I know a number of other blind people who have done it.  If I think about it I think I could come up with at least 10, though apart from myself I don't think I know anyone where I could point a random unknown off the internet at them.

I started programming at 12.  I didn't release my first project until 20 or 21 or something like that.

Much of your difficulty--much of what college teaches you--is that you're probably not learning in an organized way.  Project-based learning doesn't scale well, where you decide you're doing a project and damn that project is going to happen.  Being frustrated isn't really compatible with learning, and setting your goal as something specific that you can't do right now is a great way to just be frustrated instead of getting anything out of it.  I attribute much of my success to having come at it from a different perspective, where the primary motivating factor was hey aren't computers neat I wonder what makes them go, and then one day I found a project and did it.  And it sucked.  We don't talk about camlorn_audio.  But camlorn_audio was my "and now the pieces fit" a-hah moment where years of interest payed off and I saw how it fit together.  After that big projects stopped being frightening.

When you do college you spend a year or two writing very tiny programs that do very boring things.  You'll spend an entire semester covering just if statements, loops, and functions.  Programming is sort of engineering.  There's no instant gratification at the beginning, and chasing instant gratification at the beginning is often harmful.  The thing that college does that's useful is it imposes a fixed structure and guides your learning down productive paths.  Yeah the classes are nice, but really what's useful is that there's a place to ask questions and the homework/syllabus etc is always saying "now go here next" or "you need this first".

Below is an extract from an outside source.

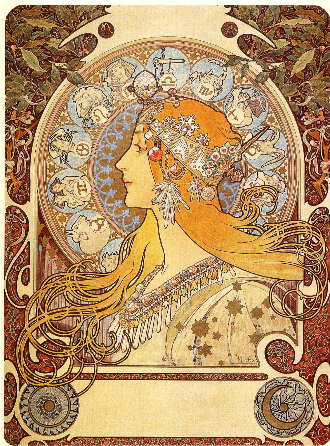
Zdroj: Mucha, A. Zodiac. 1896. wikiart.org [15. 12. 2014].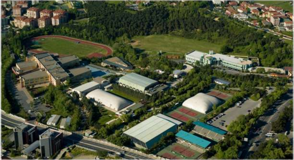
Sadi Gülçelik Spor Sitesi - İstanbul

Enka Spor Kulübü, 2012 yılı itibarıyla faaliyet göstermekte olduğu spor branşlarında 902 lisanslı sporcu ve branşlarında uzman 64 antrenörü ile Enka tesislerinde ulusal ve uluslararası müsabakalara hazırlanmakta ve bu müsabakalarda yer almaktadırlar. Atletizmde 335, yüzmede 279, teniste 148, sutopunda 66, voleybolda 30, basketbolda 14, kayakta 21 ve triatlonda 9 aktif lisanslı sporcu ile hedefe odaklanmış olarak, her sezon yeni başarılar elde etmektedir.

You're probably freaking about these timelines.  But you've got to remember: the average programmer doesn't program before college, and goes and learns it in 4 years.  It took me from 12 to 20 or so because until like 19 I was doing high school and stuff and a few hours on the weekend is never going to really do it for something so complicated as coding, because by the time you really get started you're out of time for a week or whatever.  If you sit down and do it intensively a few years to be Amazon-level competent is reasonable.  You probably won't get into Amazon because there's 99 Amazon junior level engineers who all interviewed for your position and they're going to just basically randomly pick one; but go to a good college and you come out of it with that kind of knowledge.

Some sighted people--at least 1 of my coworkers, but i think 2--did the even faster path of coding bootcamp.  Those work if you find a reputable one and can get someone from not knowing much to junior-level resume in 3-4 months.  But they're expensive and very far from an ideal environment for a blind developer.

In so much as I was lucky, I was privileged enough to have a family who could support me through college.  Beyond that, yes, talent plays some role.  Whether or not everyone can learn programming is an open debate, I come down weakly on the side of they can't.  But a lot of that is more to do with, I guess being inspired by it?  Some people see a keyboard and know that music is going to be their thing; some people see a computer and just start tearing it apart and finding out what's inside and etc.  Half of programming is art, in a really hard to describe way.  at least, at the level I'm at where it's not "implement this class with these 5 functions that do exactly this stuff" anymore.  If you're not inspired you can definitely force it, but you'll never be as good as the person who it spoke to.

But as to how I stack up?  Hard to tell, except that I've got at least 2 coworkers who make me look like a newbie.  I think that currently my primary advantage is that I'm interested in things.  I learn bits of math and algorithms and such just because I get curious and have an hour to kill, so I go look up how a thing works.  Then I forget most of it, but a little bit stays around and suddenly 6 months later it proves useful that I knew about b-trees or this weird C++ feature or whatever.  Now imagine that over 10 or 15 years and it gets really impressive fast.  Combine that with having the experience necessary to work on large codebases and you get to throw words like full-stack engineer around.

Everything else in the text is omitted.